“Good day, good sir!
Fine afternoon, old passenger!
Happy to meet you in these places
Where January brings few faces.”

And as I brought to mind the poet’s lines, I forgot to shiver, and quite warmed up again to the idea of flowers, especially as one of the boys just then brought up a spray of green holly with a burning red berry on it!

We were tacking again to get back on our course, and had got into the edge of the swamp among the pines when the boy with the shovel began to study the ground and the trees with a searching eye, moving forward and back as if trying to find the location of something.

“Here it is,” he said, and set in digging through the snow at the foot of a big pine. I knew what he was after. It was gold thread, and here was the only spot, in all the woods about, where we had ever found it—a spot not larger than the top of a dining-room table.
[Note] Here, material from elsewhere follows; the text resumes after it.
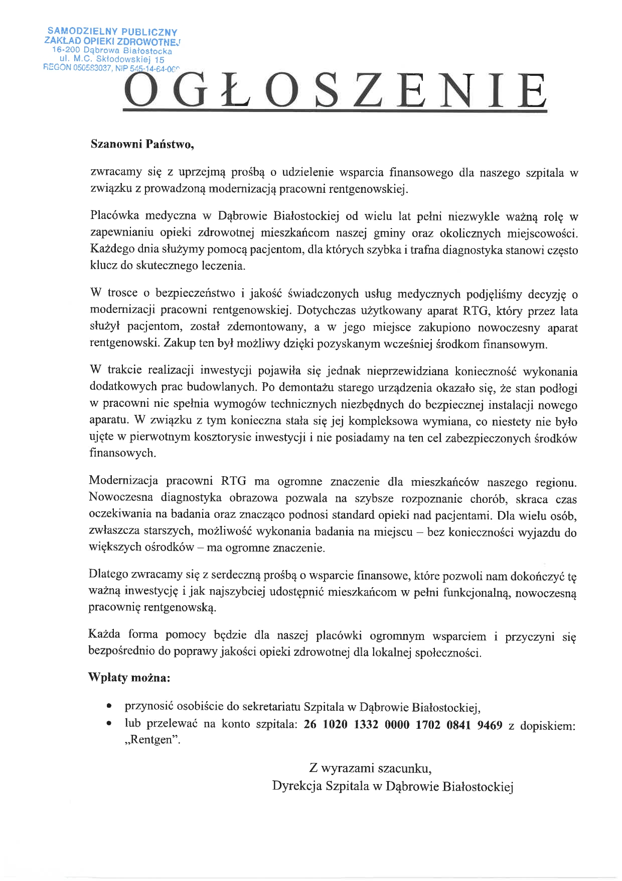 Samodzielny Publiczny Zak³ad Opieki Zdrowotnej w D¹browie Bia³ostockiej informuje, i¿ termin wznowienia pracy Pracowni Rentgenowskiej nast¹pi prawdopodobnie z pocz¹tkiem kwietnia 2026r.

Soon we had a fistful of the delicate plants with their evergreen leaflets and long, golden thread-like roots, that mixed with the red and green of the partridge berry in a finger-bowl makes a cheerful little winter bouquet. And here with the gold thread, about the butt of the pine, was the partridge berry, too, the dainty vines strung with the beads which seemed to burn holes in the snow that had covered and banked the tiny fires.

For this is all that the ice and snow had done. The winter had come with wind enough to blow out every flame in the maple tops, and with snow enough to smother every little fire in the peat bogs of the swamp; but peat fires are hard to put out, and here and everywhere the winter had only banked the fires of summer. Dig down through the snow ashes anywhere and the smouldering fires of life burst into blaze.

But the boy with the axe had gone on ahead. And we were off again after him, stopping to get a great armful of black alder branches that were literally aflame with red berries.

We were climbing a piny knoll when almost at our feet, jumping us nearly out of our skins, and warming the very roots of our hair, was a burrrr—burrrr—burrrr—burrrr—four big partridges—as if four big snow mines had exploded under us, hurling bunches of brown on graceful scaling wings over the dip of the hills!

On we went up over the knoll and down into a low bog where, in the summer, we gather high-bush blueberries, the boy with the axe leading the way and going straight across the ice toward the middle of the bog.

My eye was keen for signs, and soon I saw he was heading for a sweet-pepper bush with a broken branch. My eye took in another bush off a little to the right with a broken branch. The boy with the axe walked up to the broken sweet-pepper bush and drew a line on the ice between it and the bush off on the right, pacing along this line till he got the middle; then he started at right angles from it and paced off a line to a clump of cat-tails sticking up through the ice of the flooded bog. Halfway back on this line he stopped, threw off his coat and began to chop a hole about two feet square in the ice. Removing the block while I looked on, he rolled up his sleeve and reached down the length of his arm through the icy water.